In their twice-yearly report, the institutes more than doubled their previous forecast for Europe's top economy, projecting output growth of 3.5 percent in 2010, dropping to 2.0 percent next year.
This would be the strongest growth since European Union records began and the best rate since the post-reunification boom in 1991.
The positive economic performance is expected to cut unemployment numbers to below the psychologically significant three-million mark next year for the first time since 1992, the institutes added.
"The German economy is in an upswing. It is on good track to make up for the fall in production caused by the crisis," the report said.

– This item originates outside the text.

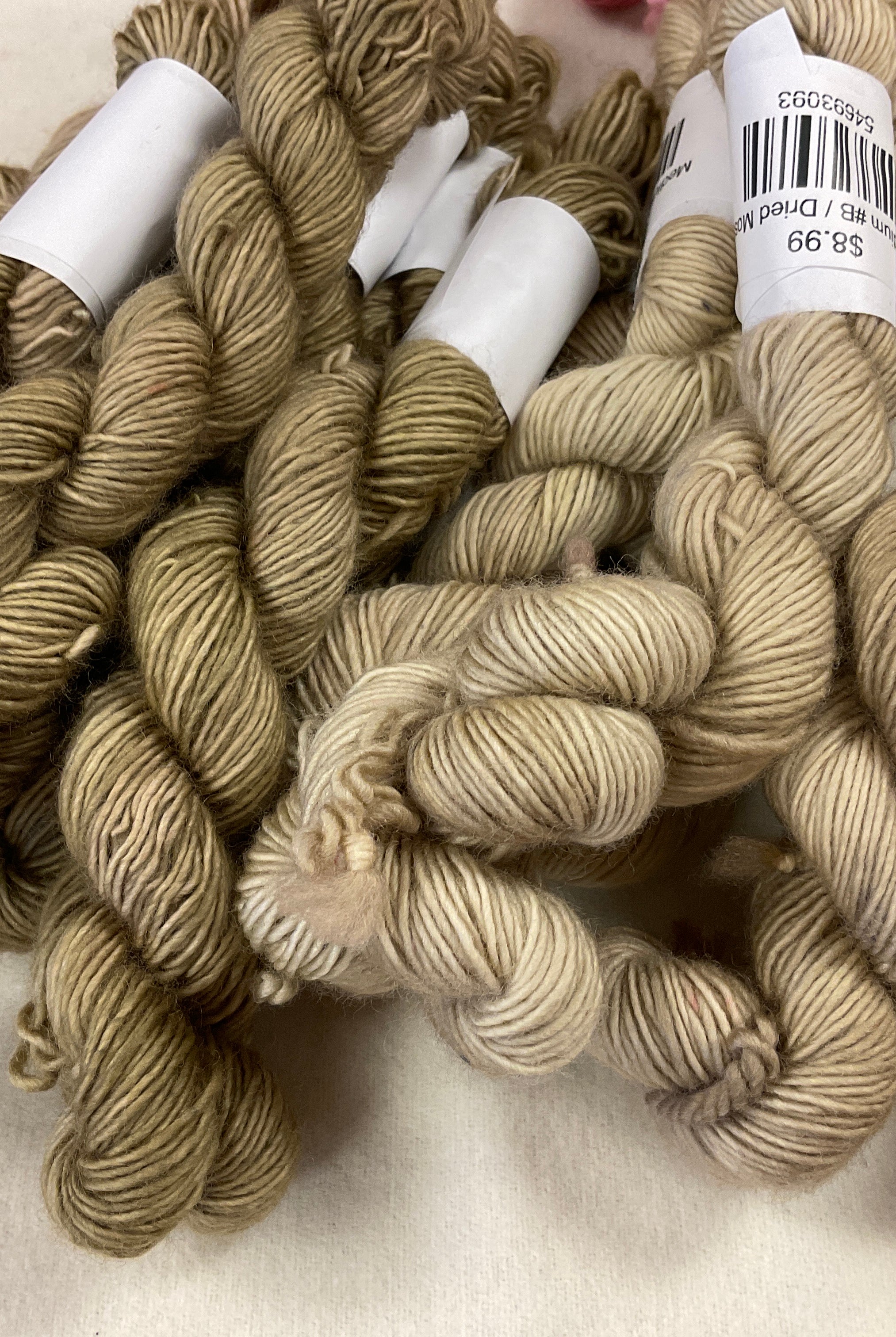 Threads… or fine yarn…. We love this for mini punch projects using the Ultra Punch needle with the medium needle on #3 or #4 setting. Your loops bloom and form and look like miniature punching with yarn! Many of our mini punch samples are punched using this thread. Its soft hand and slight sheen make it a beautiful fiber to work with on any punching or stitching project! And if your a cross stitch lover try this using our our natural rug hooking linen for your backing! It’s pretty amazing!
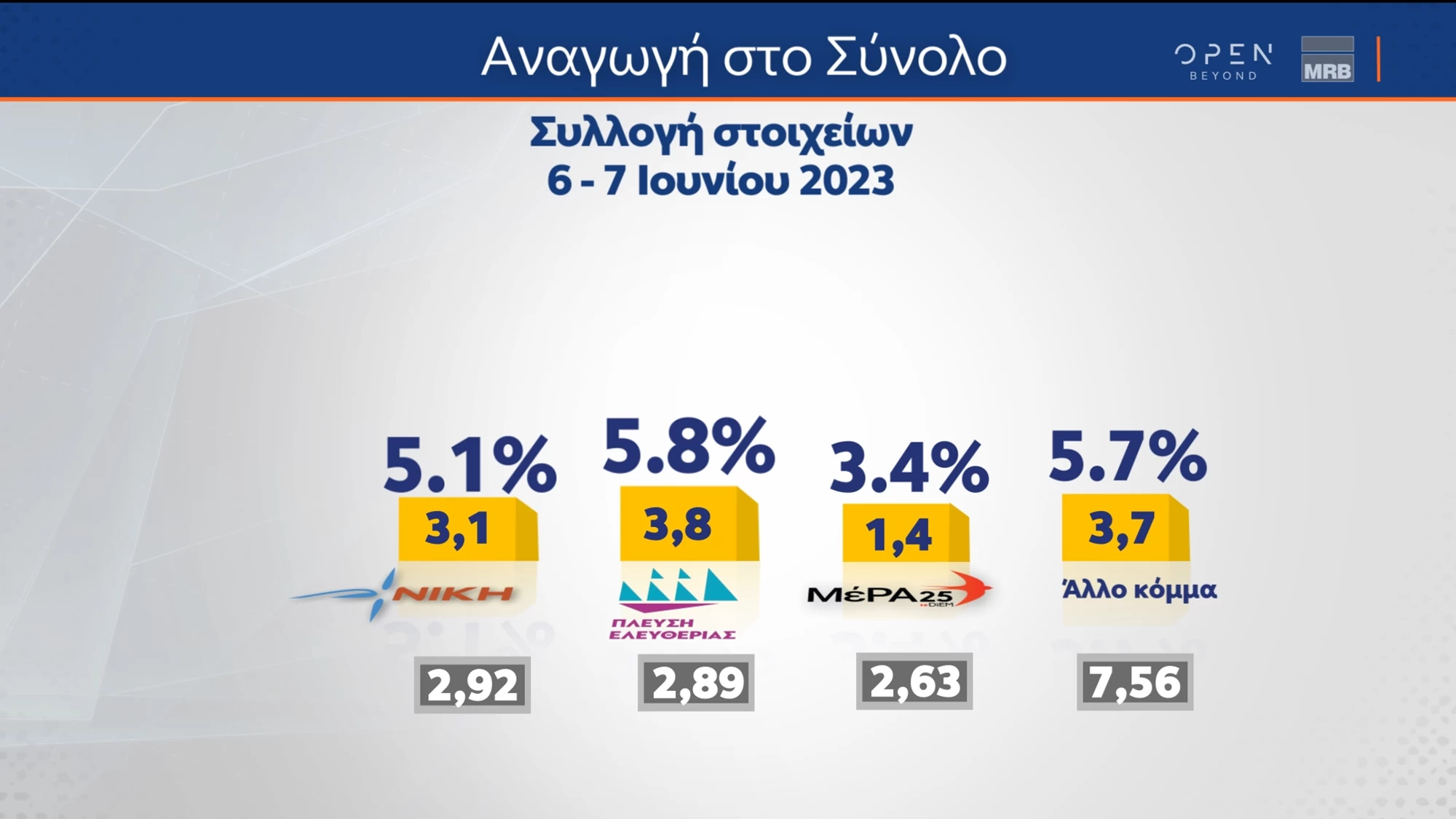 Ευρύ προβάδισμα και αυτοδύναμη κυβέρνηση για τη ΝΔ δίνει η δημοσκόπηση της MRB, για το κεντρικό δελτίο ειδήσεων του Open, ενόψει των εκλογών 2023 της 25ης Ιουνίου.

Speaking in Japan, where he is on an Asian tour, Economy Minister Rainer Bruederle welcomed the latest projections, saying they "confirmed the opinion of the government that we are enjoying a powerful upswing."
Germany, the world's second-biggest exporter after China, was hit hard by the financial crisis, as demand for its goods dried up around the world. It suffered the worst recession for 60 years in 2009, with output shrinking 4.7 percent.
In further good news for Chancellor Angela Merkel, the institutes projected that Germany's public deficit would be 2.7 percent of gross domestic product (GDP) in 2011, dropping below the EU's three-percent limit.
This would make Germany the first major eurozone country to get below the three-percent bar.
Spain and France both forecast a deficit of six percent of GDP in 2011 and Italy 3.9 percent, according to their governments.
Merkel's centre-right government currently forecasts 1.4 percent growth this year, but ministers have indicated that the projection will be raised when fresh estimates are released on October 21.